Each record below is to be reproduced without any change.

(Data supplied)

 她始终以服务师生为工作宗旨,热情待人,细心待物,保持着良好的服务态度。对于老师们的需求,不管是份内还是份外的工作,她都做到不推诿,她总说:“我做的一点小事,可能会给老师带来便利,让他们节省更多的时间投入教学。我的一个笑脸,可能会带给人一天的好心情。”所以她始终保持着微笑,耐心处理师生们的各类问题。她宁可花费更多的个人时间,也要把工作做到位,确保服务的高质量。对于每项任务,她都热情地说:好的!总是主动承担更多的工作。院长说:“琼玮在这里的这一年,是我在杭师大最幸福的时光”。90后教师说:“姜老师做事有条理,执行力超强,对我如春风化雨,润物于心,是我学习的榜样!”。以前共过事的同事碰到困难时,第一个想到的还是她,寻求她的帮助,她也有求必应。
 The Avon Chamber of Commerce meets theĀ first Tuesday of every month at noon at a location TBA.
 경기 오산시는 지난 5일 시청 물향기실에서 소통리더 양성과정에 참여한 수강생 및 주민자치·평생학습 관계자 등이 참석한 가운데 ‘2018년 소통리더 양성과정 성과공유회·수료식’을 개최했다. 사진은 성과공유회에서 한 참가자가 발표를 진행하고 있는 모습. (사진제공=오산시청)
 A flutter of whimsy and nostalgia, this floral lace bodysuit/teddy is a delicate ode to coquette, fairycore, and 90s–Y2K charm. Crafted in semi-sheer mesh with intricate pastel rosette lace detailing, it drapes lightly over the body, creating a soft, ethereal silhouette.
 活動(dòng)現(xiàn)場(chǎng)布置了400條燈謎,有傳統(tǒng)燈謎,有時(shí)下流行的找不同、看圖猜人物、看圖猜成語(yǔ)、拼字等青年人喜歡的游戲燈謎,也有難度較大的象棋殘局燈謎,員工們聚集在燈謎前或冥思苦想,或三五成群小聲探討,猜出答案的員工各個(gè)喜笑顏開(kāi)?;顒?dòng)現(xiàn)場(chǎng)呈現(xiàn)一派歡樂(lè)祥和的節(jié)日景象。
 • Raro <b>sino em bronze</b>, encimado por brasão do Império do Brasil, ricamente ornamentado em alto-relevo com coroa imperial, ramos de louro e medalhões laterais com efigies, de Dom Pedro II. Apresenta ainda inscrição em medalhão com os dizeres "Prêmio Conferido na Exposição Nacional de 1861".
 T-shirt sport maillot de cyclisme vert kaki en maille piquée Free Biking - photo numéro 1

(End Data supplied)

• [Response]
 她始终以服务师生为工作宗旨,热情待人,细心待物,保持着良好的服务态度。对于老师们的需求,不管是份内还是份外的工作,她都做到不推诿,她总说:“我做的一点小事,可能会给老师带来便利,让他们节省更多的时间投入教学。我的一个笑脸,可能会带给人一天的好心情。”所以她始终保持着微笑,耐心处理师生们的各类问题。她宁可花费更多的个人时间,也要把工作做到位,确保服务的高质量。对于每项任务,她都热情地说:好的!总是主动承担更多的工作。院长说:“琼玮在这里的这一年,是我在杭师大最幸福的时光”。90后教师说:“姜老师做事有条理,执行力超强,对我如春风化雨,润物于心,是我学习的榜样!”。以前共过事的同事碰到困难时,第一个想到的还是她,寻求她的帮助,她也有求必应。
 The Avon Chamber of Commerce meets theĀ first Tuesday of every month at noon at a location TBA.
 경기 오산시는 지난 5일 시청 물향기실에서 소통리더 양성과정에 참여한 수강생 및 주민자치·평생학습 관계자 등이 참석한 가운데 ‘2018년 소통리더 양성과정 성과공유회·수료식’을 개최했다. 사진은 성과공유회에서 한 참가자가 발표를 진행하고 있는 모습. (사진제공=오산시청)
 A flutter of whimsy and nostalgia, this floral lace bodysuit/teddy is a delicate ode to coquette, fairycore, and 90s–Y2K charm. Crafted in semi-sheer mesh with intricate pastel rosette lace detailing, it drapes lightly over the body, creating a soft, ethereal silhouette.
 活動(dòng)現(xiàn)場(chǎng)布置了400條燈謎,有傳統(tǒng)燈謎,有時(shí)下流行的找不同、看圖猜人物、看圖猜成語(yǔ)、拼字等青年人喜歡的游戲燈謎,也有難度較大的象棋殘局燈謎,員工們聚集在燈謎前或冥思苦想,或三五成群小聲探討,猜出答案的員工各個(gè)喜笑顏開(kāi)?;顒?dòng)現(xiàn)場(chǎng)呈現(xiàn)一派歡樂(lè)祥和的節(jié)日景象。
 • Raro <b>sino em bronze</b>, encimado por brasão do Império do Brasil, ricamente ornamentado em alto-relevo com coroa imperial, ramos de louro e medalhões laterais com efigies, de Dom Pedro II. Apresenta ainda inscrição em medalhão com os dizeres "Prêmio Conferido na Exposição Nacional de 1861".
 T-shirt sport maillot de cyclisme vert kaki en maille piquée Free Biking - photo numéro 1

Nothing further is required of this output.